▸ **INPUT**:

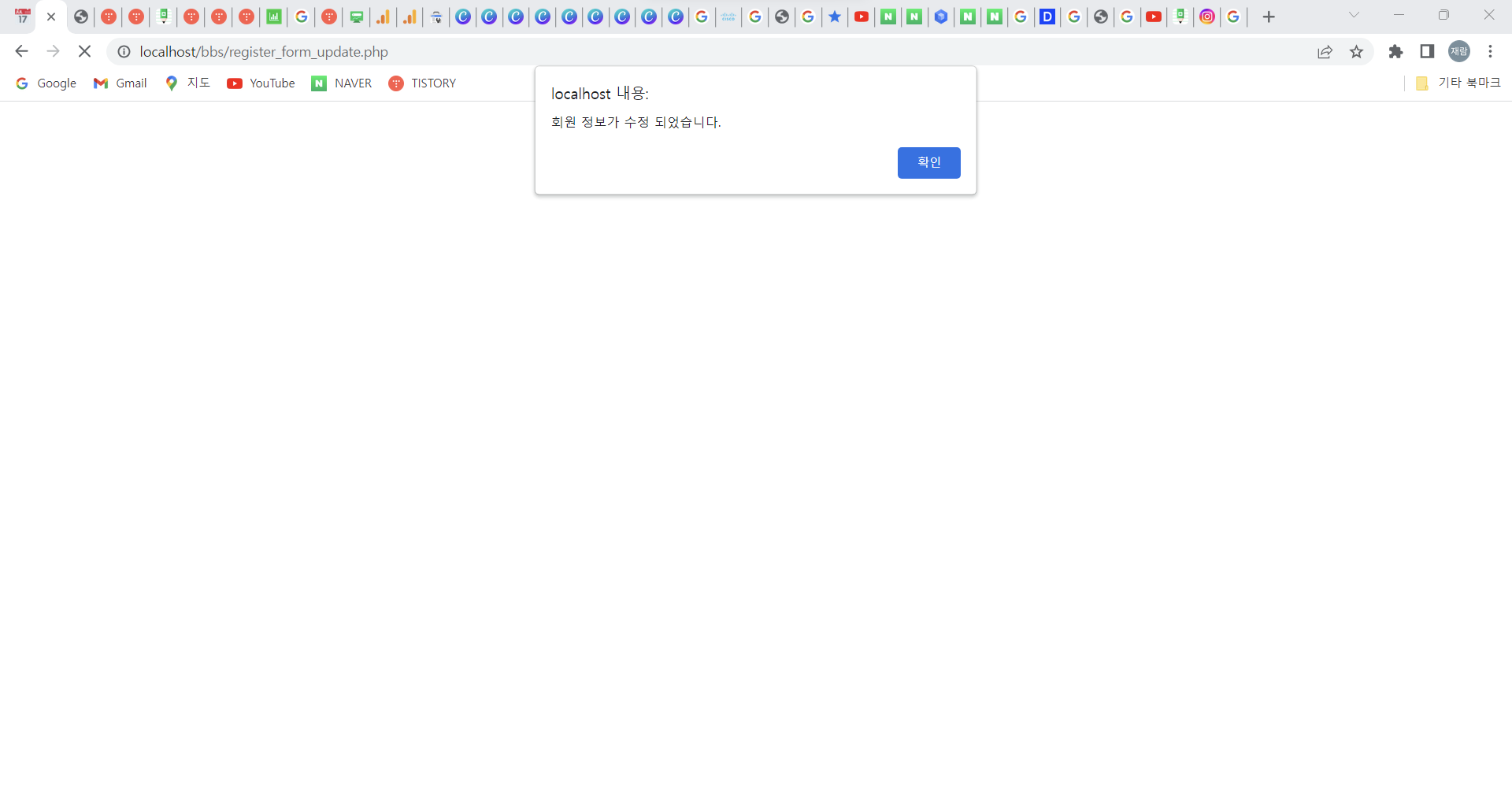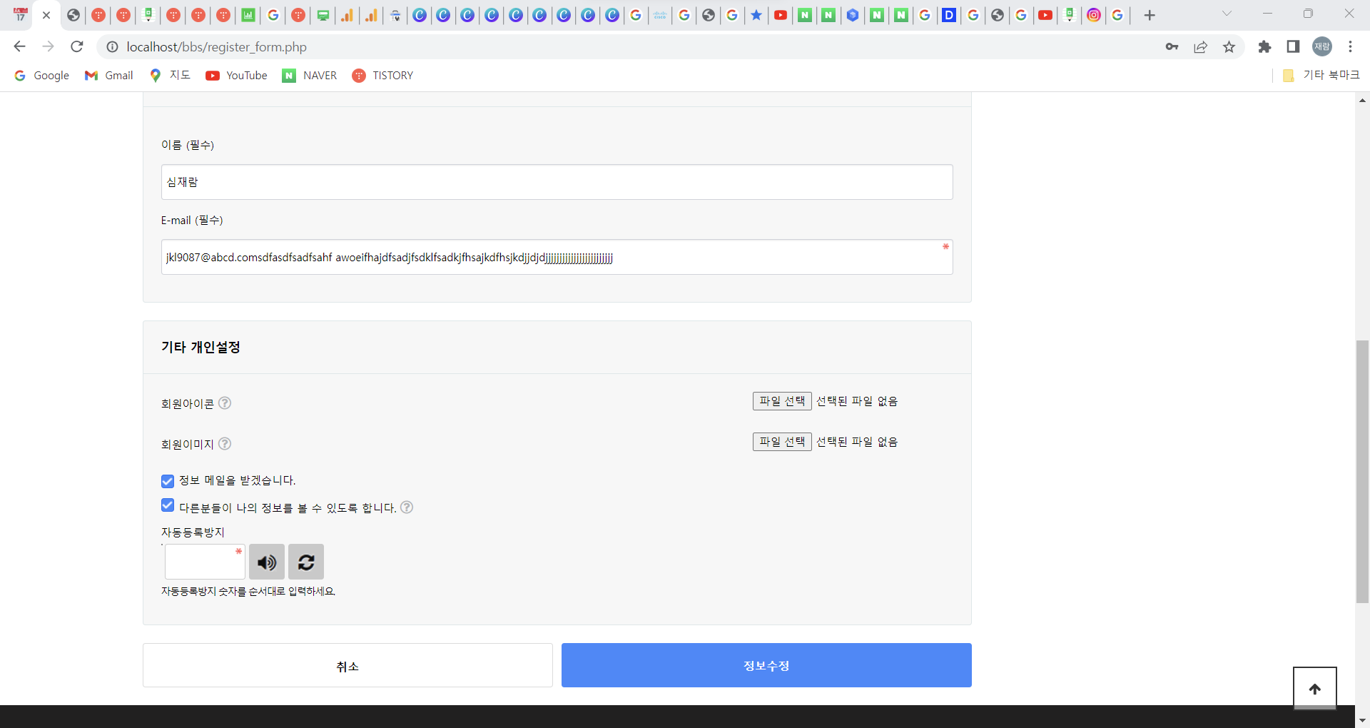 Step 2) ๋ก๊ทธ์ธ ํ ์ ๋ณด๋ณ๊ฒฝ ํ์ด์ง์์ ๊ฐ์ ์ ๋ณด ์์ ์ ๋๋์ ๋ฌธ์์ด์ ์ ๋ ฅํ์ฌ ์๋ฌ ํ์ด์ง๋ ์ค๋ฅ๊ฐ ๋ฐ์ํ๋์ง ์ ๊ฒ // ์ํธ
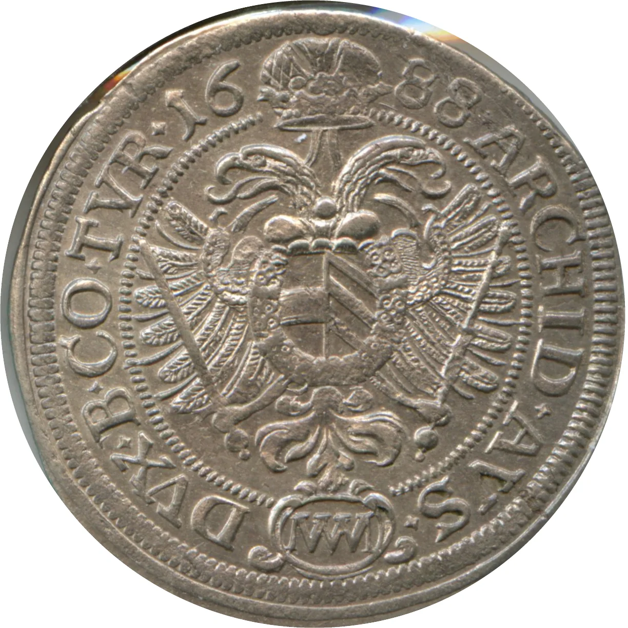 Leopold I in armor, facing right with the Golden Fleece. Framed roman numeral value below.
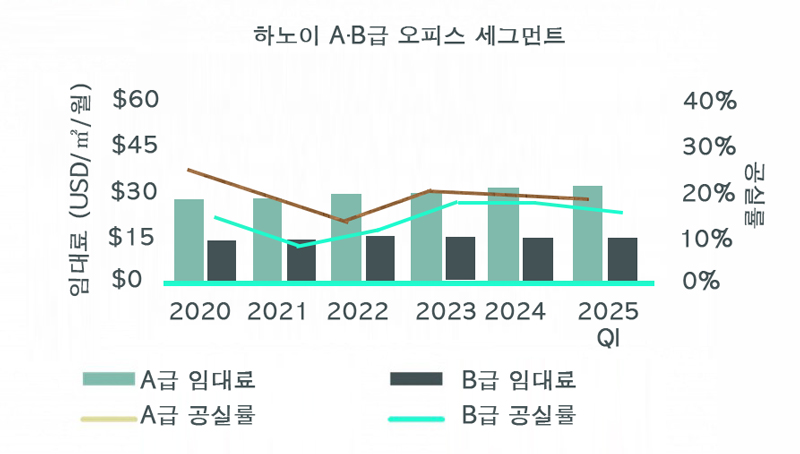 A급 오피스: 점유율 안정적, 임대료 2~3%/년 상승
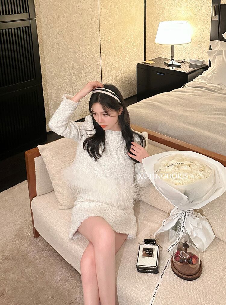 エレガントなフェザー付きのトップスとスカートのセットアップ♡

==

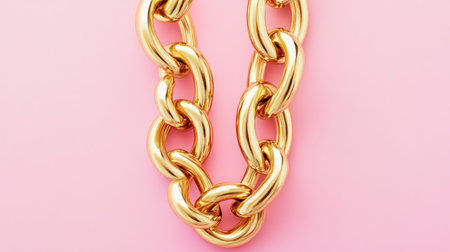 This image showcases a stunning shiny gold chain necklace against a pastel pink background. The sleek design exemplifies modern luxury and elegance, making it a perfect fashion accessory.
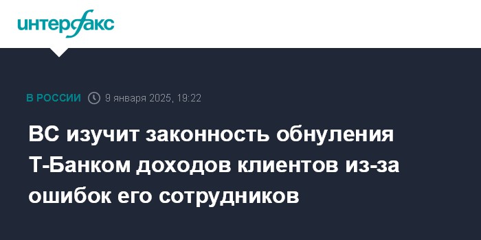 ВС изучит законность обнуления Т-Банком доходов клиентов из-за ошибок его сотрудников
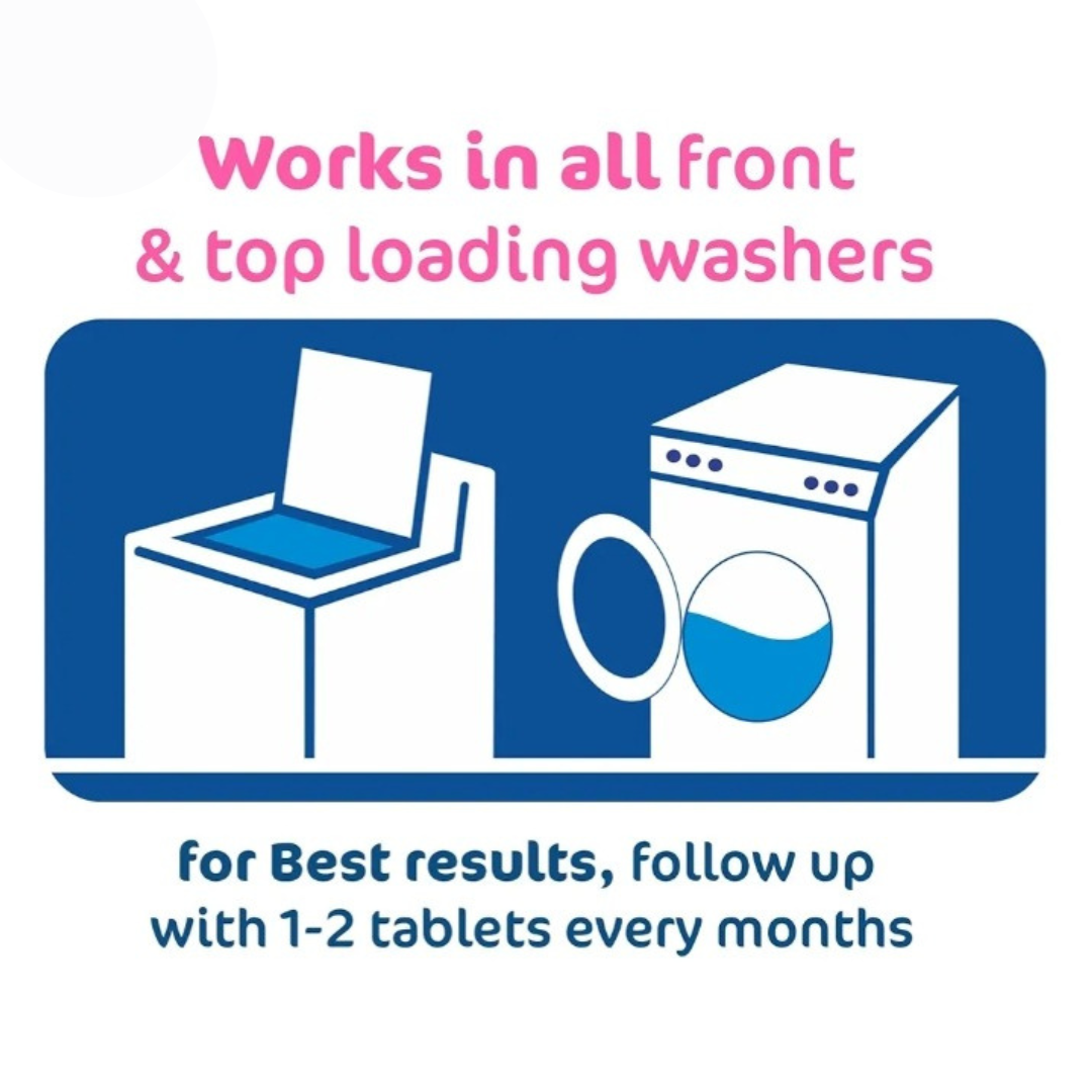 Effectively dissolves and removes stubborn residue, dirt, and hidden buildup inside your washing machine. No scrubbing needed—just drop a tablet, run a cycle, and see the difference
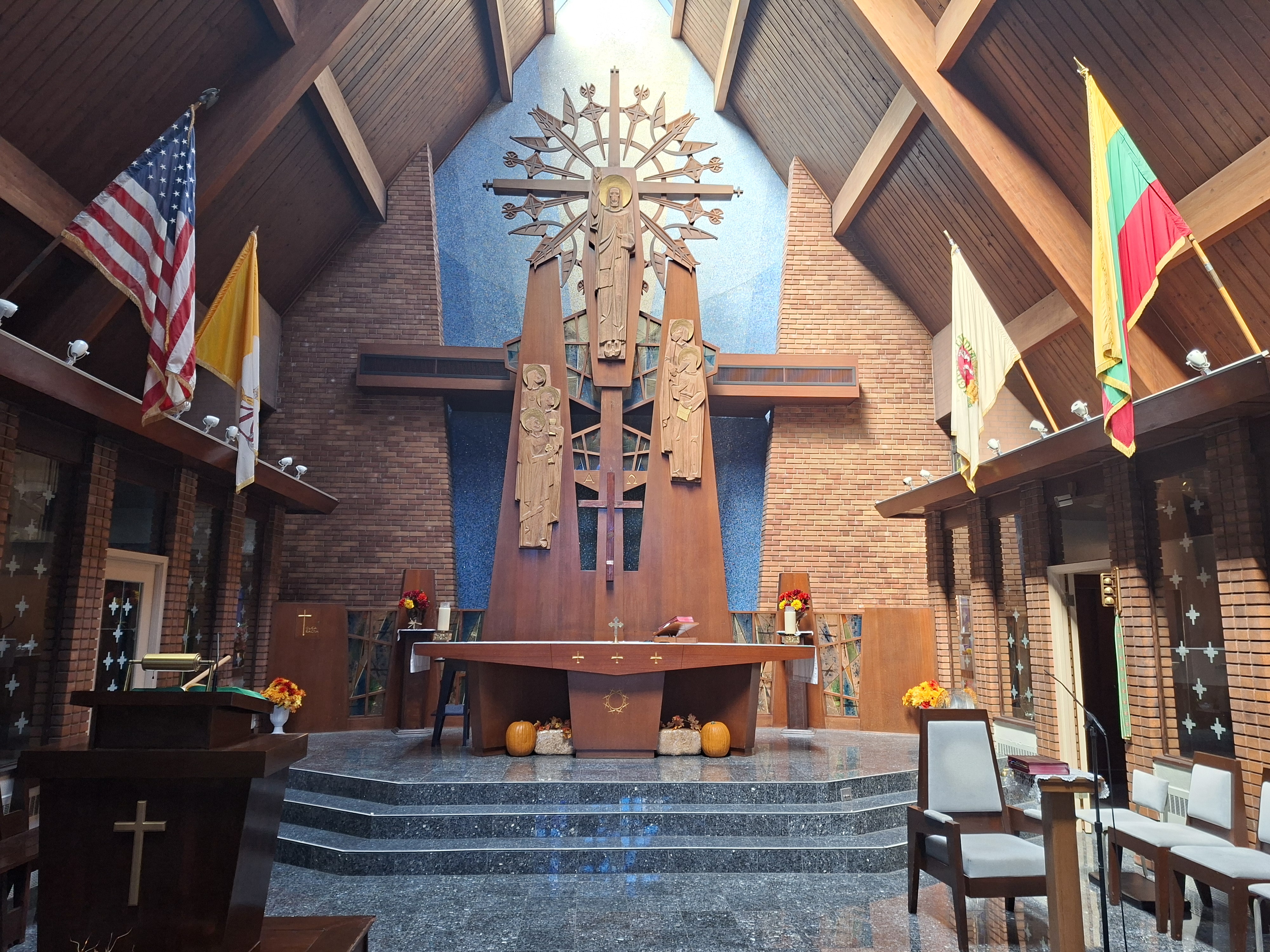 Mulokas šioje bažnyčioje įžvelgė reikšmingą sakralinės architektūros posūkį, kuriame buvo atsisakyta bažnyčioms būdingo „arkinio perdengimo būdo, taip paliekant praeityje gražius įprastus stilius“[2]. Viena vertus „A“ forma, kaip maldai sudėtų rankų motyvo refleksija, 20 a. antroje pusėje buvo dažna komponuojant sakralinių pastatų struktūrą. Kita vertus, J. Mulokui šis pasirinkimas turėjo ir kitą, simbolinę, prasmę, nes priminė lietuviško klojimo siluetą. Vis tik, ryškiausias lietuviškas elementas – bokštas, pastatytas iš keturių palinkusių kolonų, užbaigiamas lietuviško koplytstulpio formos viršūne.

▸ **PROBLEM DESCRIPTION**: Using the data above, transcribe exactly the lines between those containing "This image showcases" and "ВС изучит законность", inclusive, and leave every picture behind.

▸ **RESPONSE TO THE TASK**:
 This image showcases a stunning shiny gold chain necklace against a pastel pink background. The sleek design exemplifies modern luxury and elegance, making it a perfect fashion accessory.
 ВС изучит законность обнуления Т-Банком доходов клиентов из-за ошибок его сотрудников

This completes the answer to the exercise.